Keqiao, the world's largest textile distribution center, serves as a benchmark for digital transformation. The conference was guided by the China National Textile and Apparel Council (CNTAC) and attended by industry leaders like Yan Yan, Sun Weigang, and Hu Song. Yan Yan outlined three major directions for textile digitalization during the '15th Five-Year Plan': building a textile-specific AI large model, breaking down data silos across the supply chain, and deeply integrating green manufacturing. Sun Weigang introduced Keqiao's '1+4+N' intelligent system and its digital trade ecosystem combining livestreaming, platforms, cross-border e-commerce, and overseas warehouses.

From an industrial cluster perspective, Keqiao's 'small-step, fast-run' strategy is being replicated by other regions. Hu Song's report explicitly stated that SMEs should adopt a five-step approach: diagnose current status, select scenarios, supplement data, run pilots, and expand capabilities. They should start with the most painful, data-rich, and measurable pain points, avoiding large-scale, all-encompassing system projects. This judgment directly addresses the core anxiety of SMEs: 'afraid to start, unable to transform.'

Industry Impact

Multiple case studies presented at the conference revealed the 'cost-effectiveness' logic of digital transformation. Long Fangsheng, GM of Zhejiang Meixinda Printing and Dyeing, shared its three-stage evolution, emphasizing that smart factories should not be seen as cost centers but as order creation engines. This view is critical for dyeing mills facing environmental constraints and order fragmentation—digital capability is shifting from a competitive advantage to a survival threshold.

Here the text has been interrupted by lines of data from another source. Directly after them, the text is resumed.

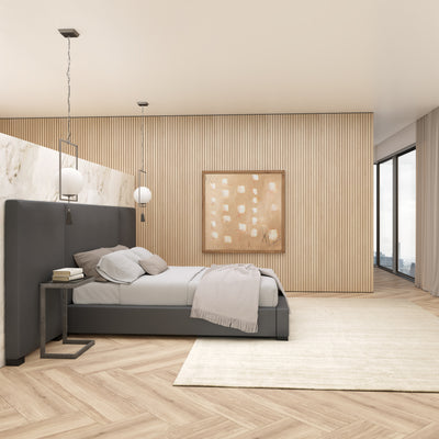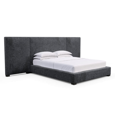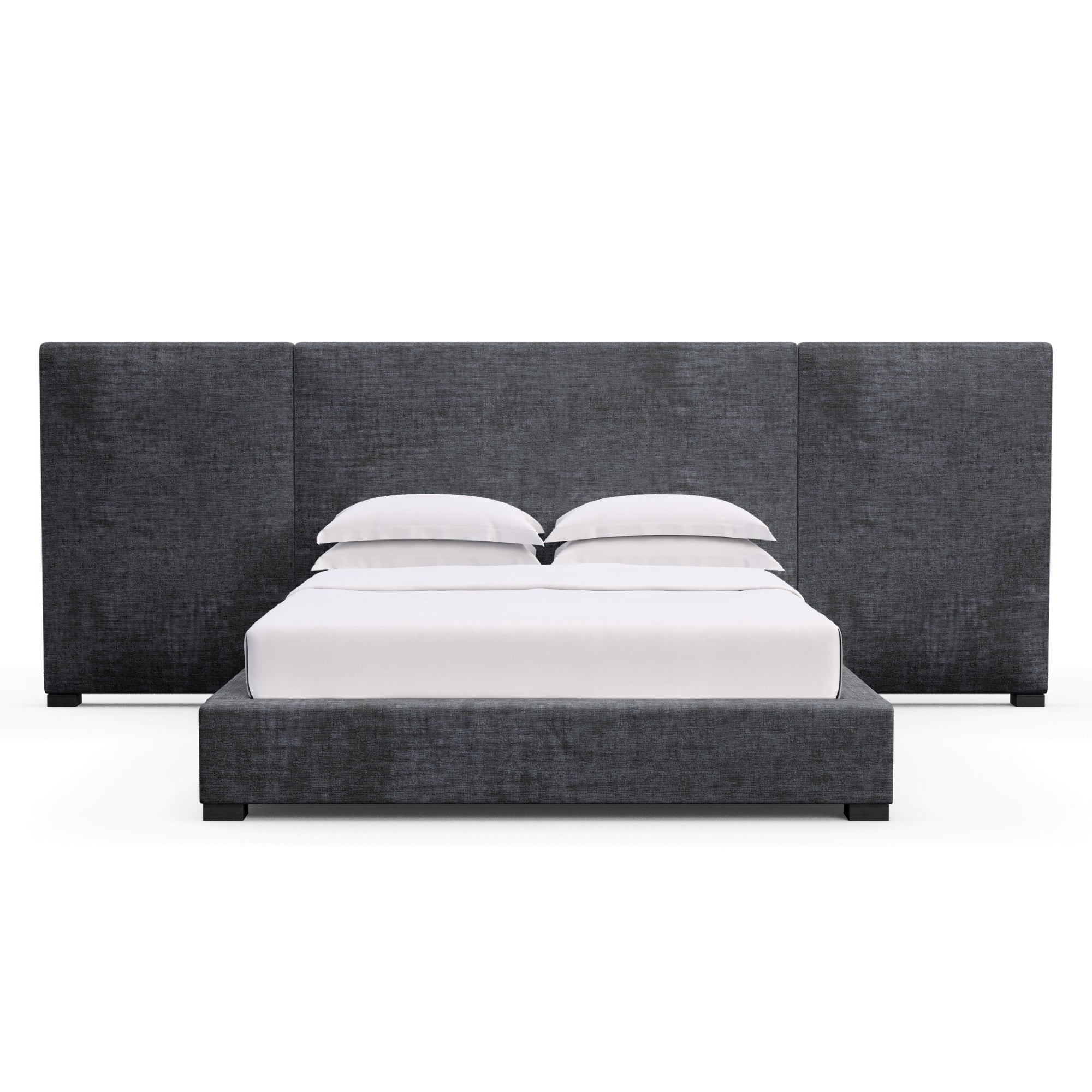 A play on balance and proportion, this platform bed is meant to be the centerpiece of your bedroom. The headboard, featuring crisp lines and hand-upholstered panels, extends on both sides to accommodate accent furniture. Anchored by square block feet, this piece is all about the sculptural details.
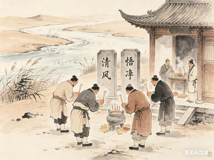 乡亲们为了顾忌他们,便将这条河更名为“流沙河”,还在河畔建了一座小庙,庙里不供神佛,只立了两块石碑,一块刻着“清风”,一块刻着“悟净”。
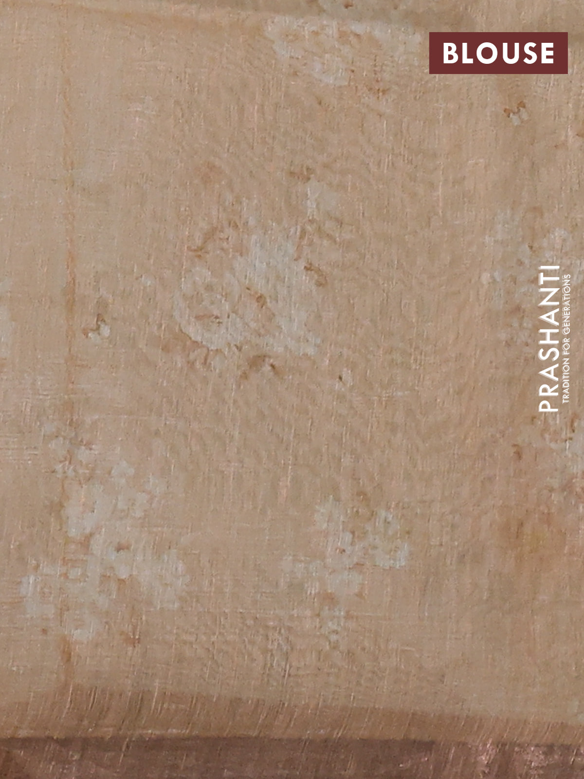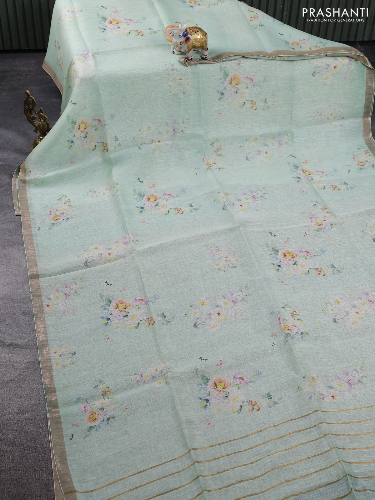 Pure linen silk saree teal shade and sandal with floral butta prints and small zari woven border
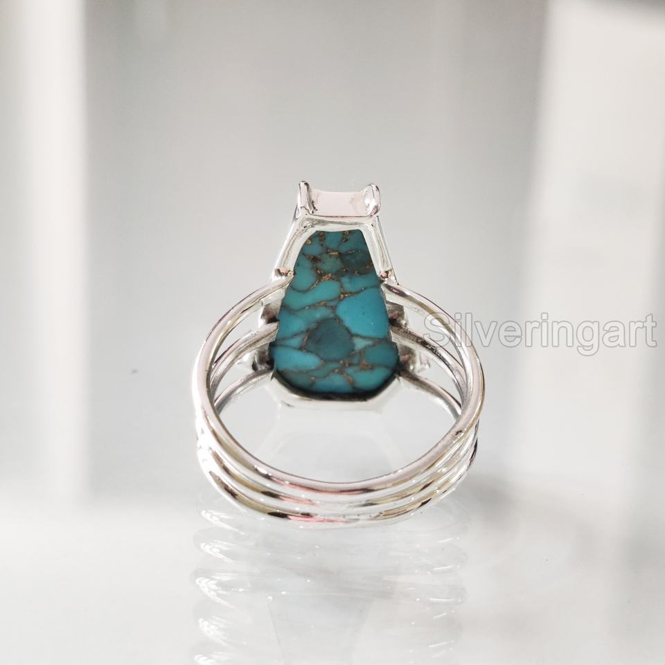 แหวนผู้หญิง แหวนเงินแท้ 925 ประดับพลอยเทอร์ควอยซ์สีน้ำเงินธรรมชาติ รูปทรงโลงศพ แหวนประจำเดือนธันวาคม ของขวัญคริสต์มาส ทำด้วยมือ
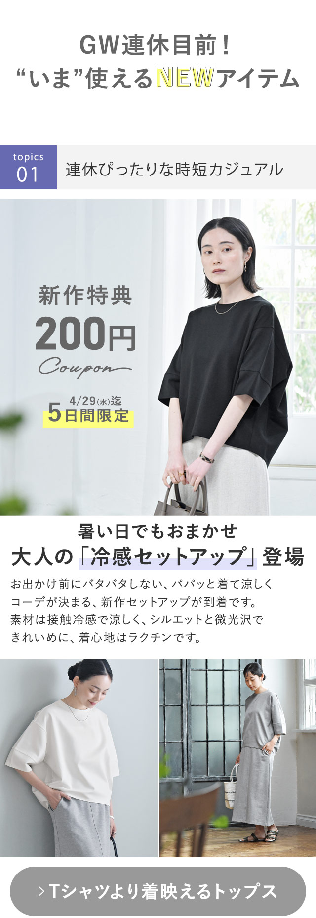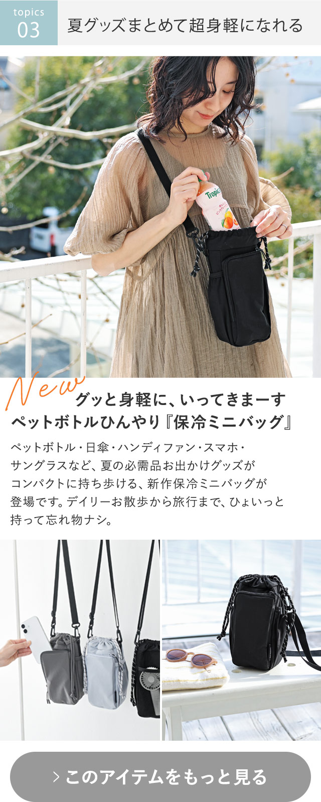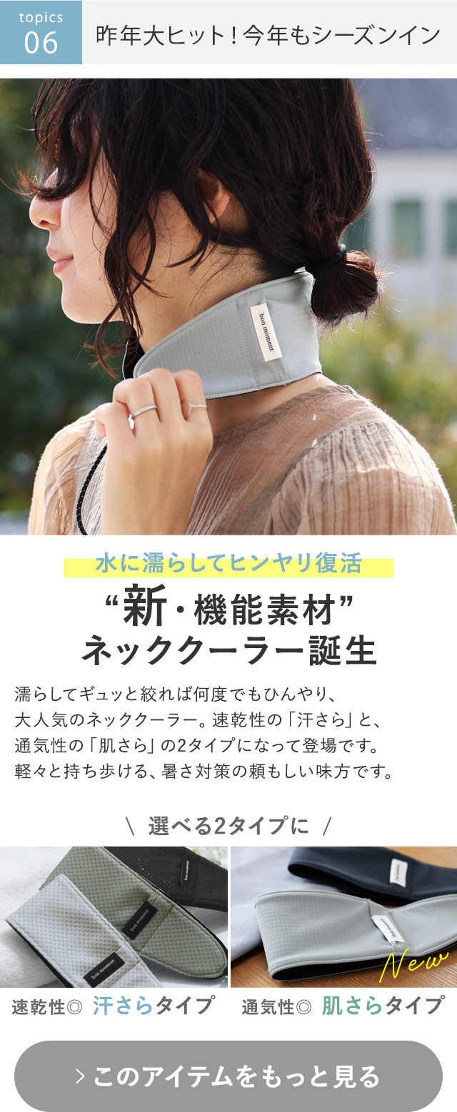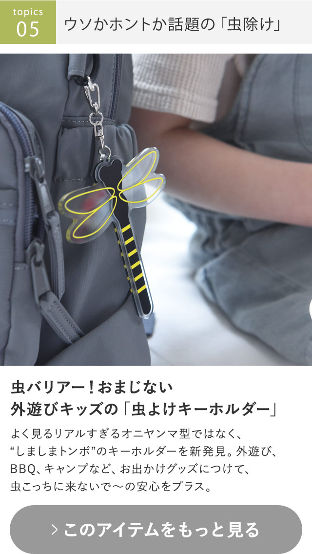 〔1〕 涼しくきれい見え、冷感セットアップ新登場 〔2〕 新アイデア!エコバッグがショルダーに!? 〔3〕 夏グッズまとめて超身軽におでかけ 〔4〕 炎天下ジリジリにNEW対策 〔5〕 しましまトンボで、夏遊びキッズの虫よけ 〔6〕 昨年大ヒット!ネッククーラーに新素材誕生
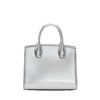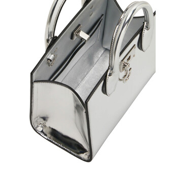 Ferragamo Ladies Tote. SKU: 211424 763291. Material: Calfskin;Lambskin. Color: Silver. Size: W:22cm x H:19cm x D:11cm. Ferragamo Small Studio Box Gancini Buckle Tote Bag. This tote bag is crafted from lambskin and features a Gancini buckle, two rolled top handles, an internal slip pocket, and a removable shoulder strap. Outer: 100% calfskin, Lining: 100% lambskin. Made in Italy.
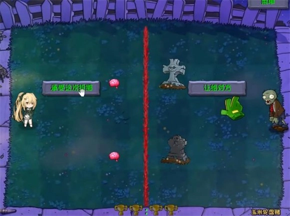 2、玉米娘扔完所有子弹后会开启下一轮,这一轮的投掷如果自己承受就会作用于自身,让给对方则会作用于僵尸,累计获得两次胜利即可通关。

More striking data came from Hangzhou Huanyu Digital Smart's TDSD® low-carbon dyeing process: nearly 99% water savings, 33% carbon reduction, and 21% fewer chemicals. This technological pathway means dyeing mills can achieve flexible production without increasing environmental compliance costs. Its 'spray-to-dye' model, paired with in-house inkjet equipment and AI color management, is rewriting the energy and efficiency formula of traditional dyeing.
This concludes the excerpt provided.